Para o contador Cleiton Celini, a portaria consolida uma transformação que já vinha sendo construída nos últimos anos. Segundo ele, "A Receita Federal já utilizava ferramentas tecnológicas extremamente avançadas para análise de dados. O grande avanço da Portaria é estabelecer regras claras para a governança da Inteligência Artificial, reforçando princípios como transparência, responsabilidade e supervisão humana. Para as empresas, isso significa que a qualidade das informações enviadas ao Fisco será cada vez mais determinante."

Celini também destaca que o papel do contador se amplia: "O contador deixa de atuar apenas no cumprimento das obrigações acessórias e passa a exercer uma função ainda mais estratégica na prevenção de riscos, na organização das informações e na construção de uma governança tributária sólida."

Já o contador Gledson Alves avalia que a tecnologia deve tornar o ambiente tributário mais eficiente tanto para o poder público quanto para os contribuintes: "A Inteligência Artificial permite que a Receita concentre esforços nas situações de maior risco, reduzindo análises aleatórias. Empresas que investem em controles internos, revisão fiscal e conformidade tendem a enfrentar menos questionamentos e mais segurança nas suas operações."

Para Alves, a principal mudança não é a criação de novas obrigações, mas a necessidade de elevar continuamente a qualidade das informações fiscais: "A conformidade tributária passa a depender cada vez mais da consistência dos dados.

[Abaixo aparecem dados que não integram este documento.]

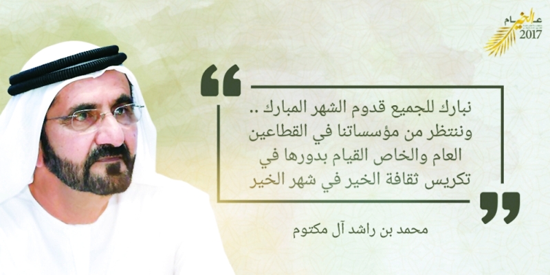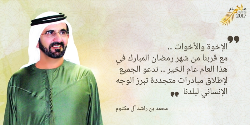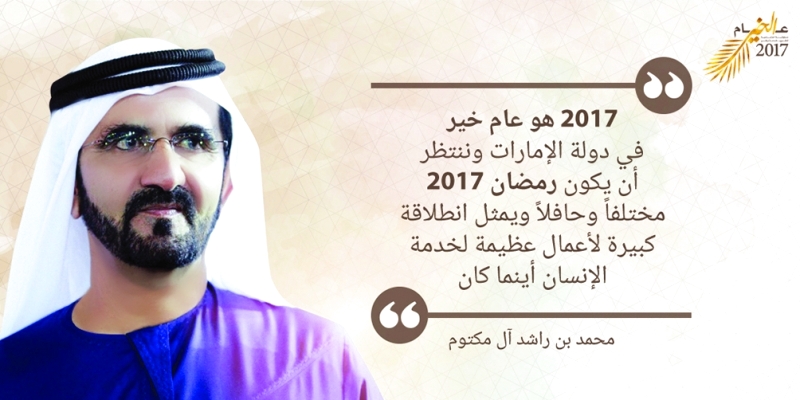 وتابع سموه: 2017 هو عام خير في دولة الإمارات وننتظر أن يكون رمضان 2017 مختلفاً وحافلاً ويمثل انطلاقة كبيرة لأعمال عظيمة لخدمة الإنسان أينما كان.

Processos bem estruturados deixam de ser um diferencial e tornam-se um requisito para empresas que desejam crescer de forma sustentável."

Uma mudança sem volta

A institucionalização da política acompanha iniciativas semelhantes em outros países, que já incorporam análise preditiva, aprendizado de máquina e automação para melhorar a arrecadação, combater fraudes e oferecer serviços públicos mais eficientes.

No Brasil, a Portaria RFB nº 647 não altera a legislação tributária nem cria novas obrigações para os contribuintes, mas sinaliza que a fiscalização será cada vez mais orientada por dados, inteligência analítica e governança tecnológica.

Para empresas e profissionais da contabilidade, a mensagem é direta: investir em conformidade, controles internos e qualidade das informações deixou de ser apenas recomendável e passou a ser estratégico para acompanhar a evolução da administração tributária brasileira.